| INFORMATION PROVIDED |
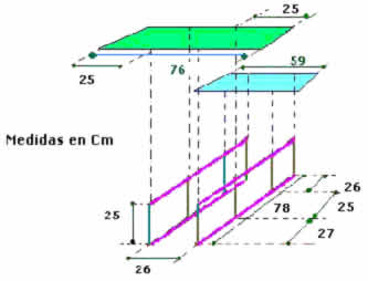 - Armar el cuerpo (4 varillas de 78 cm tipo A, y 8 varillas de 25 cm tipo B)
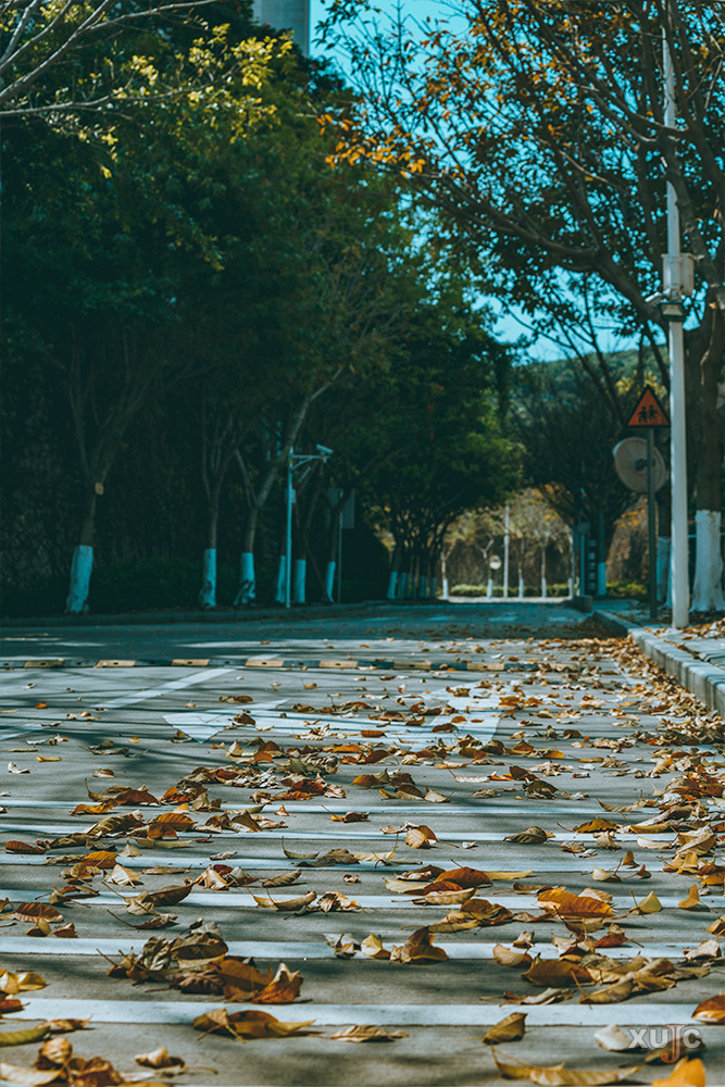 林蔭路上,輕舞的落葉紛飛
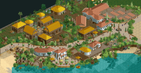 This is an excellent debut screen, wow! There's not a lot to dislike, and a lot to love. I like the diagonal building, and I assume there are going to be more diagonals here and there. The more you do stuff like that, the more it will look like it belongs. I don't mean everything has to be diagonal, but just make it a recurring thing. The yellow roofs are a good example of this. I always say you can get away with a lot, as long as you're consistent. The roofs make more sense as tan or another shade of brown, but you chose yellow for some reason. You did it consistently, and it looks great!
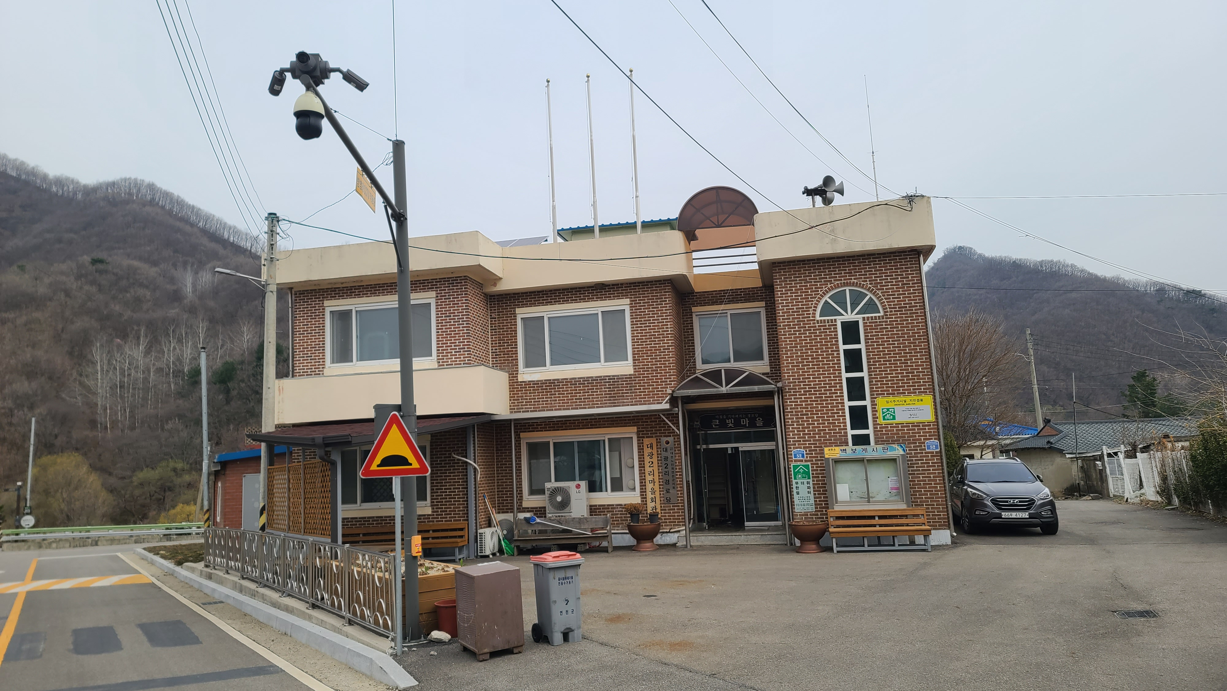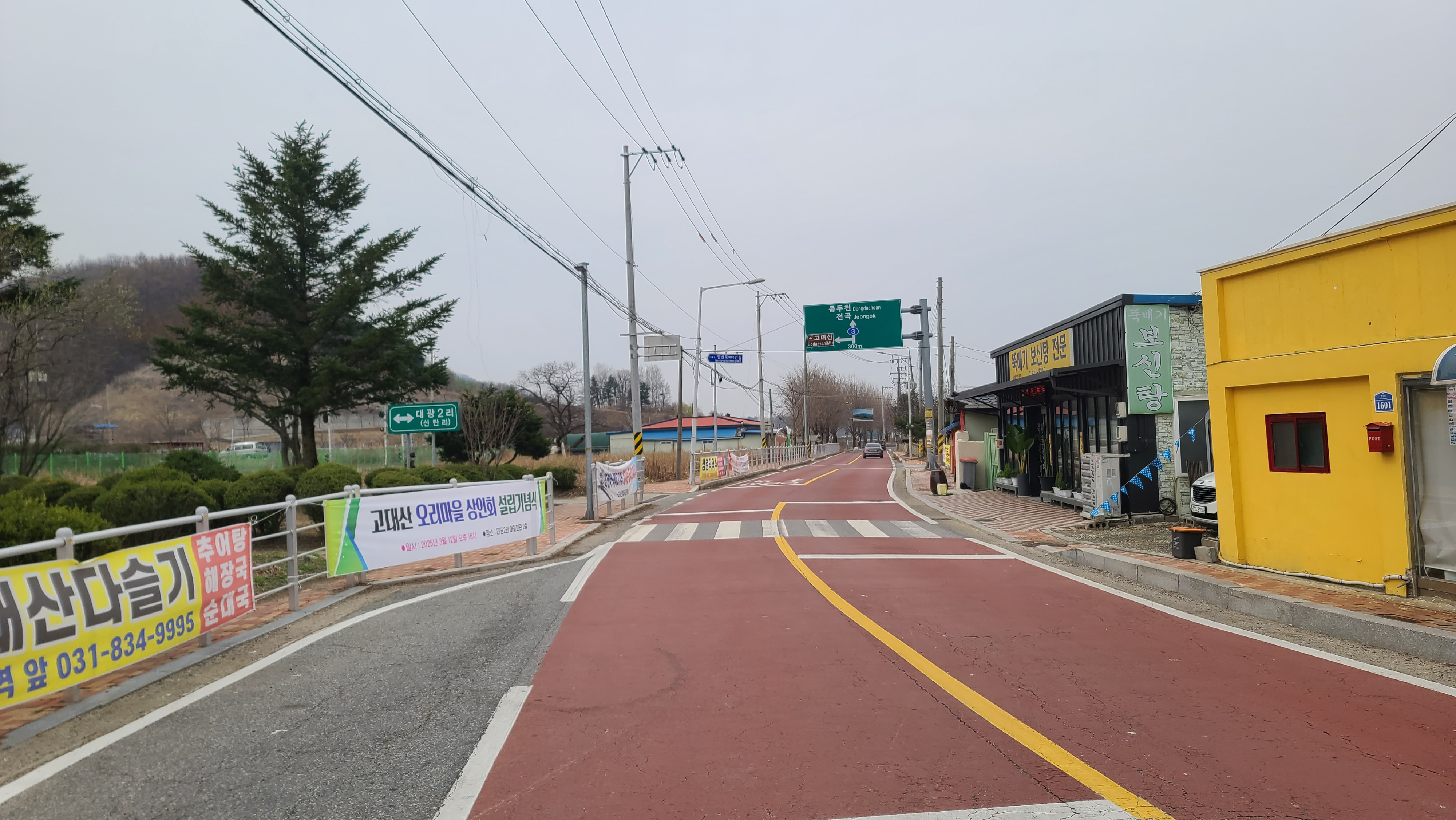 오른쪽에 대광배드민턴체육관이 자리하고, 중앙 뒤에 신탄리(대광2리) 지역에서는 '큰고래'라 부르는 고대산이 솟아 있다.
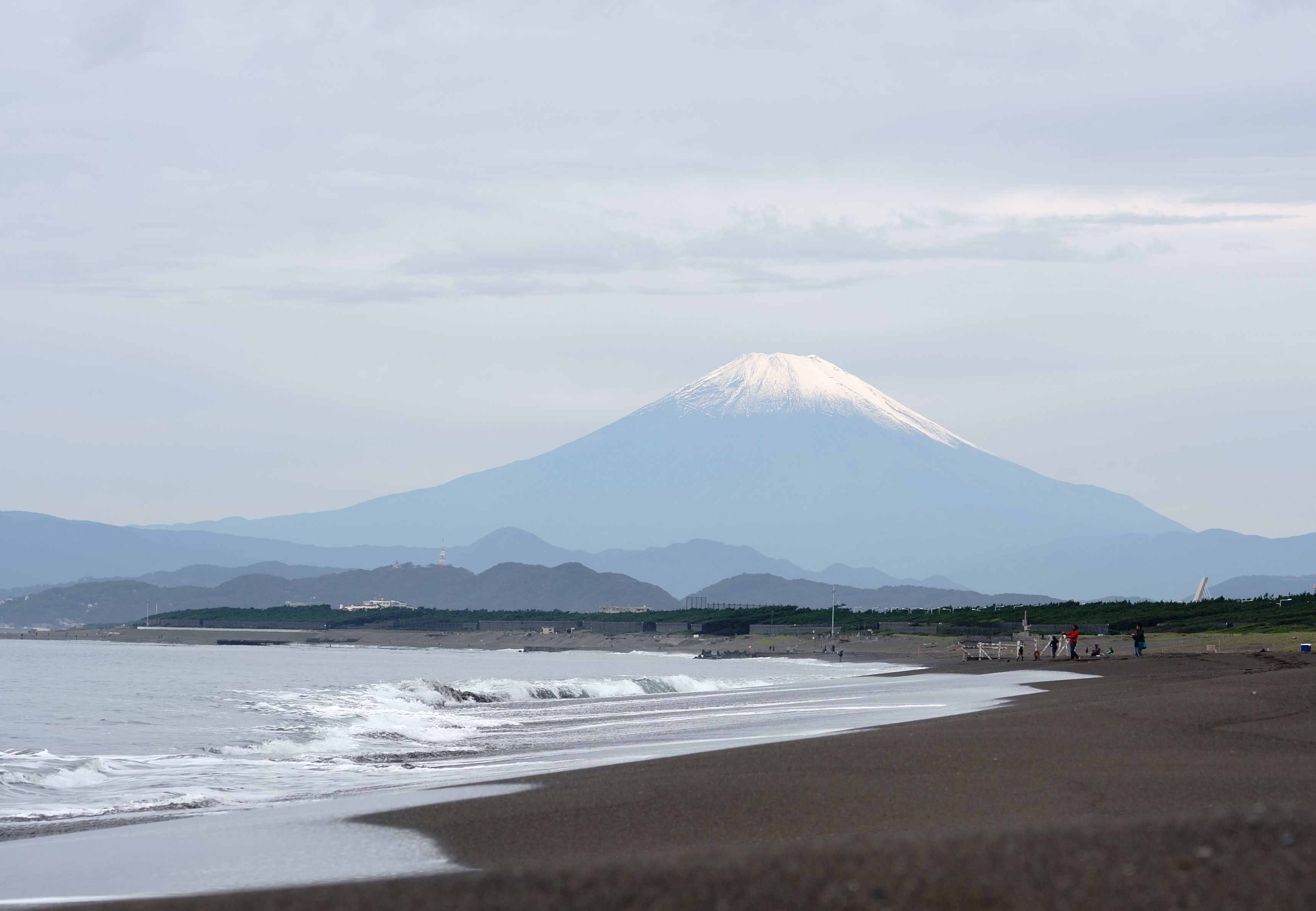 近所の辻堂海岸からの富士山!! やはり冠雪している風景が一番好きです

| TASK OBJECTIVE |
The lines to copy run from the one with "This is an excellent" through the end of the material. Write them out exactly, leaving out the pictures.

| EXERCISE OUTPUT |
 This is an excellent debut screen, wow! There's not a lot to dislike, and a lot to love. I like the diagonal building, and I assume there are going to be more diagonals here and there. The more you do stuff like that, the more it will look like it belongs. I don't mean everything has to be diagonal, but just make it a recurring thing. The yellow roofs are a good example of this. I always say you can get away with a lot, as long as you're consistent. The roofs make more sense as tan or another shade of brown, but you chose yellow for some reason. You did it consistently, and it looks great!
 오른쪽에 대광배드민턴체육관이 자리하고, 중앙 뒤에 신탄리(대광2리) 지역에서는 '큰고래'라 부르는 고대산이 솟아 있다.
 近所の辻堂海岸からの富士山!! やはり冠雪している風景が一番好きです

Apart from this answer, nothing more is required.